Rebecca McClanahan’s In the Key of New York City: A Memoir in Essays from Red Hen Press, offers a timeless portrait of New York’s contradictions, which is to say, it provides a salve to the upheaval of now and acts as a reminder of the city’s constancy throughout tribulations. The book hinges on what seems a familiar premise: a writer fulfills a dream when she moves to Manhattan in the late 1990s. But this story is different: the writer and her husband arrive in the city not as starry-eyed young adults, but as a middle-aged couple. They plan to stay for just two years, but they remain for eleven, only moving away when family needs require the change.

One might think McClanahan’s experience of New York is idyllic, or perhaps a deep love affair, given how long she stays. But it’s quite the opposite. McClanahan, “a long-married woman who spends her mornings with the Oxford English Dictionary, looking up words like squirrel,” chronicles the specific loneliness of living among millions on a tiny island. It’s not loneliness she enjoys: neighbors keep to themselves even as their most private sounds permeate the walls of McClanahan’s sublet; she and her husband struggle to find employment and friendship; and as a writer, her work keeps her mostly at home.

Perhaps because the glamor of youth has slipped from McClanahan, her narrator is reliable, reflective, and curious.

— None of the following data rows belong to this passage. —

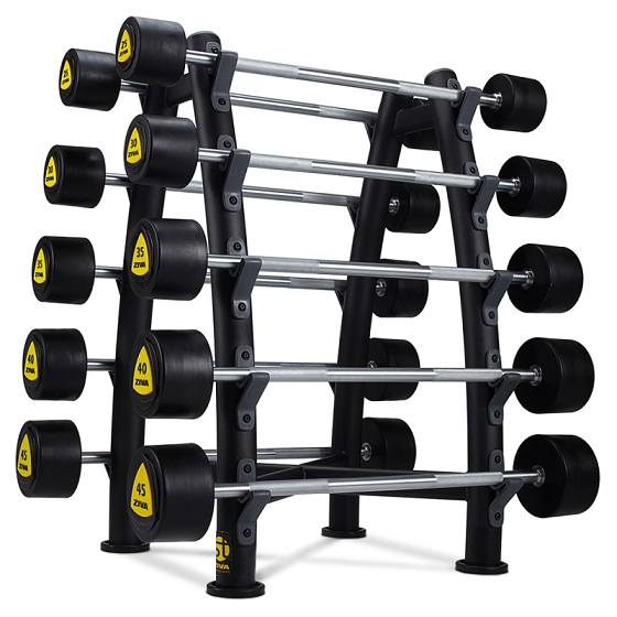 Ziva PRO Skivstångsställning med 10 platser för fasta skivstänger. Ziva är stora på frivikts- och funktionell träning samt gymtillbehör.
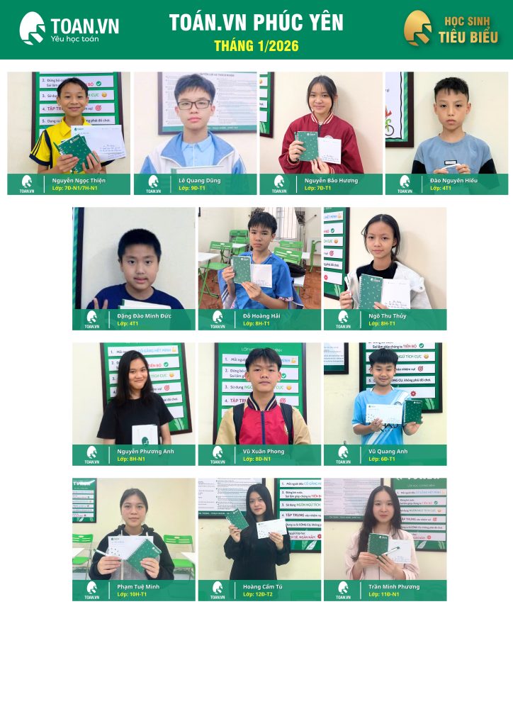Hoạt động vinh danh học sinh tiêu biểu tháng 1 năm 2026 tại TOAN.VN là dịp đặc biệt để ghi nhận những học sinh có tinh thần học tập nghiêm túc. Các em đã thể hiện ý chí bền bỉ và sự tiến bộ rõ rệt trong quá trình rèn luyện.
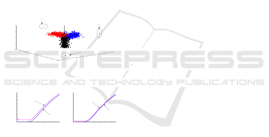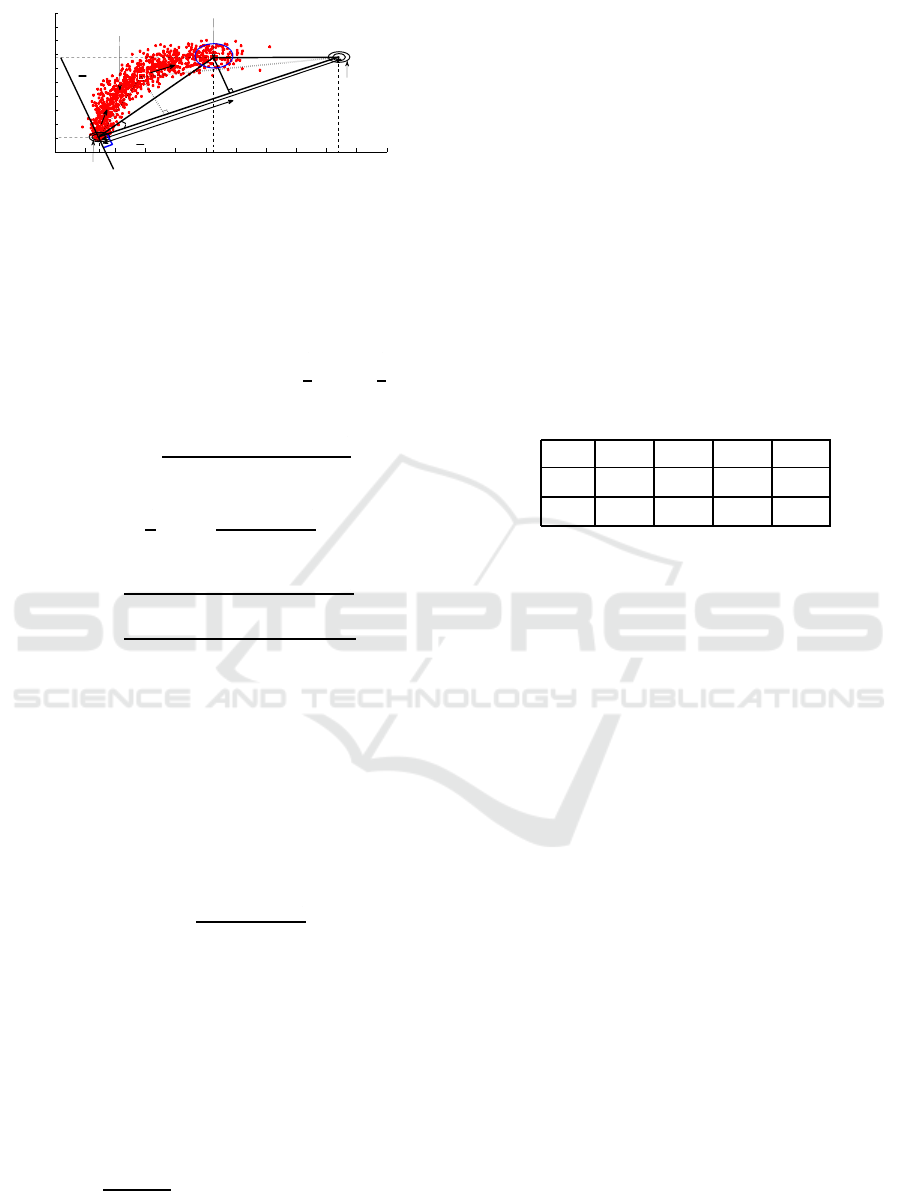 of each class (center and covariance matrix).
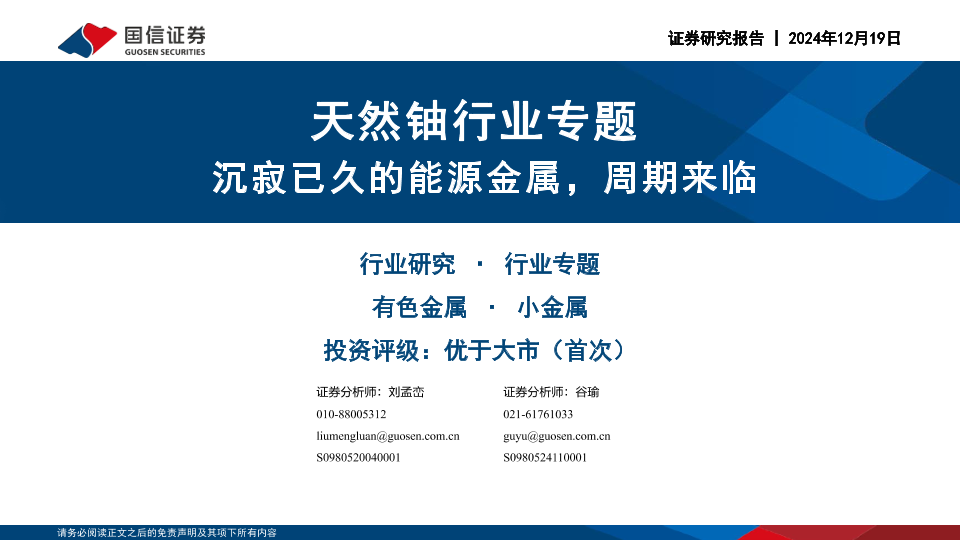 【国信证券】【20241219】天然铀行业专题:沉寂已久的能源金属,周期来临-47页
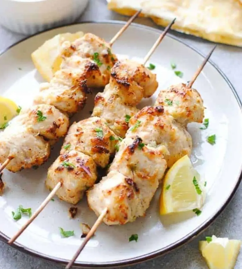 “Juicy Chicken Malai Tikka served on skewers with lemon wedges and green chutney
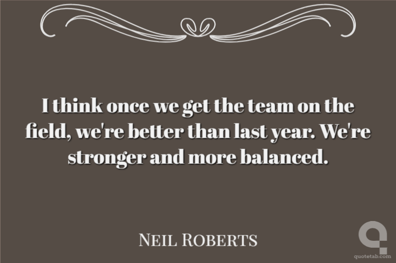 I think once we get the team on the field, we're better than last year. We're stronger and more balanced.
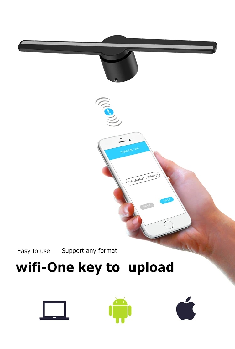 Передача Wi-Fi (программное обеспечение ПК и Приложение IOS и Android), переход к. Бин файл для загрузки в 3D Голограмма вентилятора
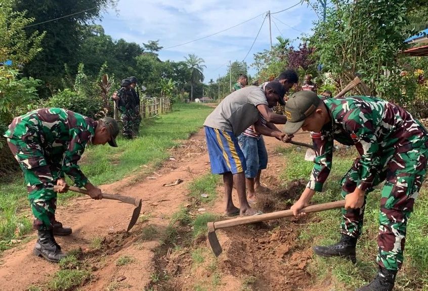 TNI Berbakti, Satgas Yonif 511/DY Bersama Warga Perbaiki Jalan Perkampungan
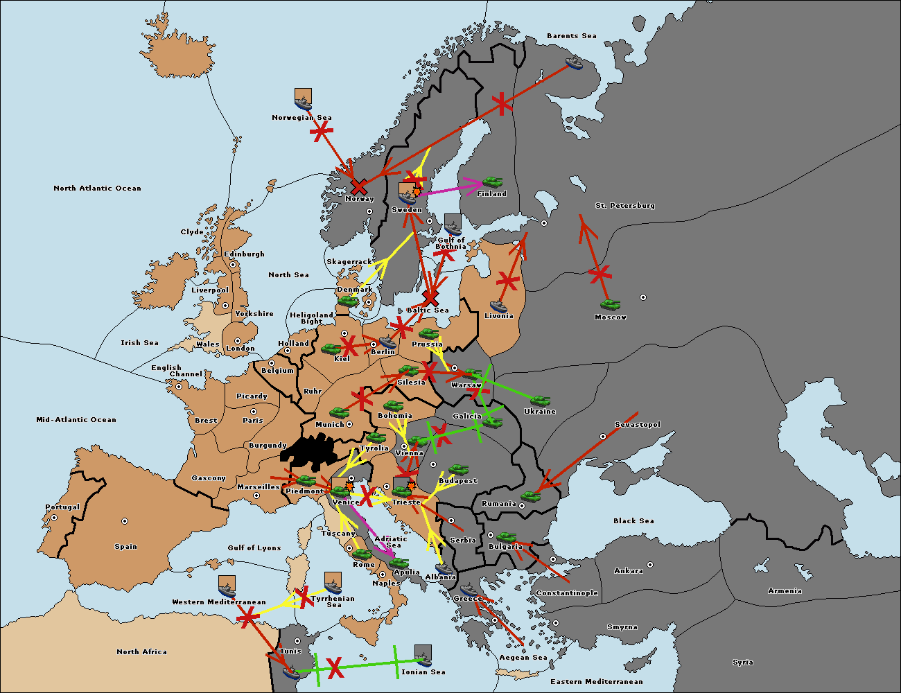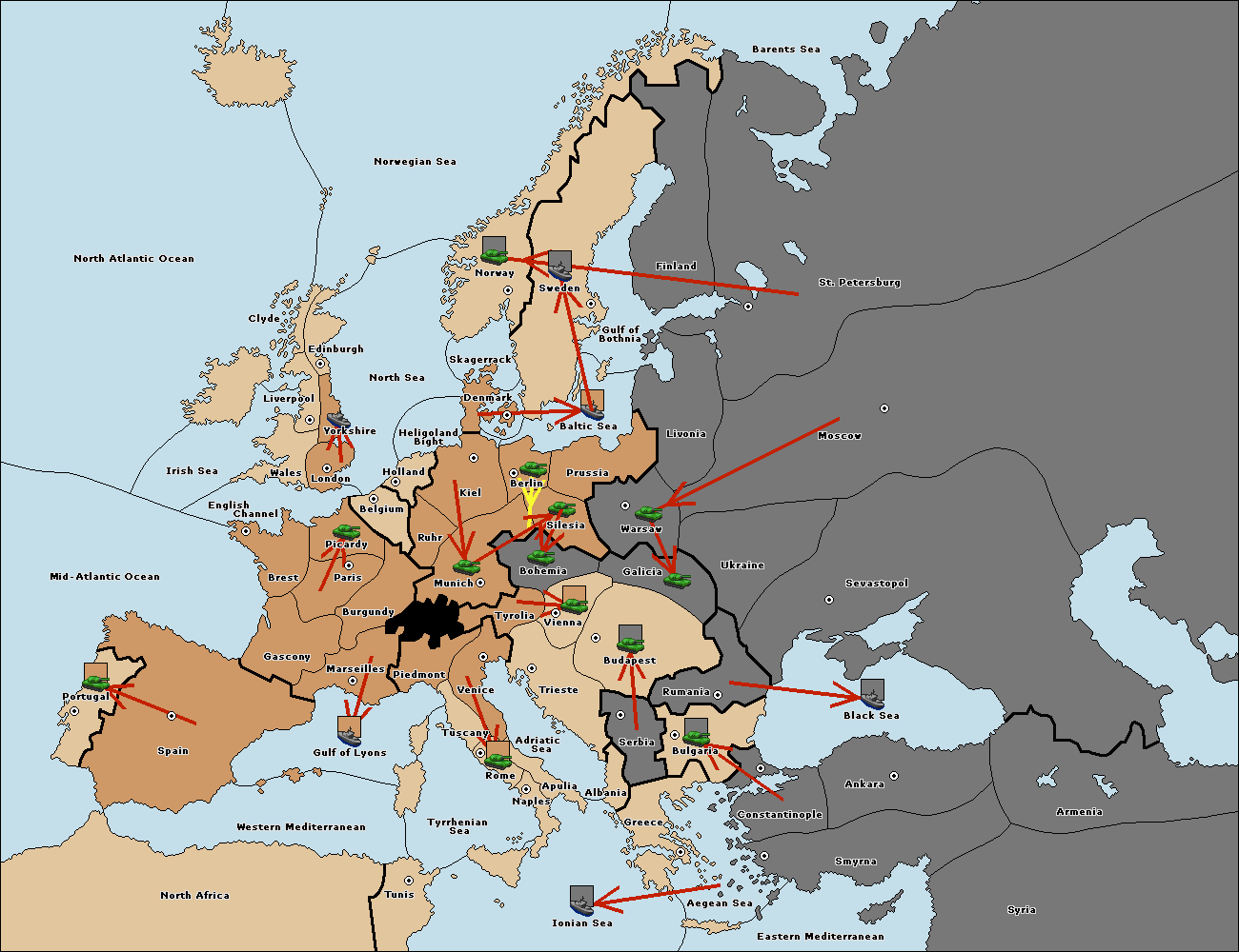 The fleet at Berlin move to Baltic Sea.

As a result, this is a book without guile, conspicuous consumption, or name dropping. In the Key of New York City sings a song of loneliness that is also the song of middle age, a time when many of us realize that embracing seclusion, rather than fighting its pain, frees us to live more fully. McClanahan doesn’t come to this easily, however: “so be it—is [a phrase] I’ve never actually spoken aloud, but I’m trying to practice thinking it, in hopes of entering a state of acceptance about the daily and nightly occurrences that are out of my control. Which is to say, nearly everything.”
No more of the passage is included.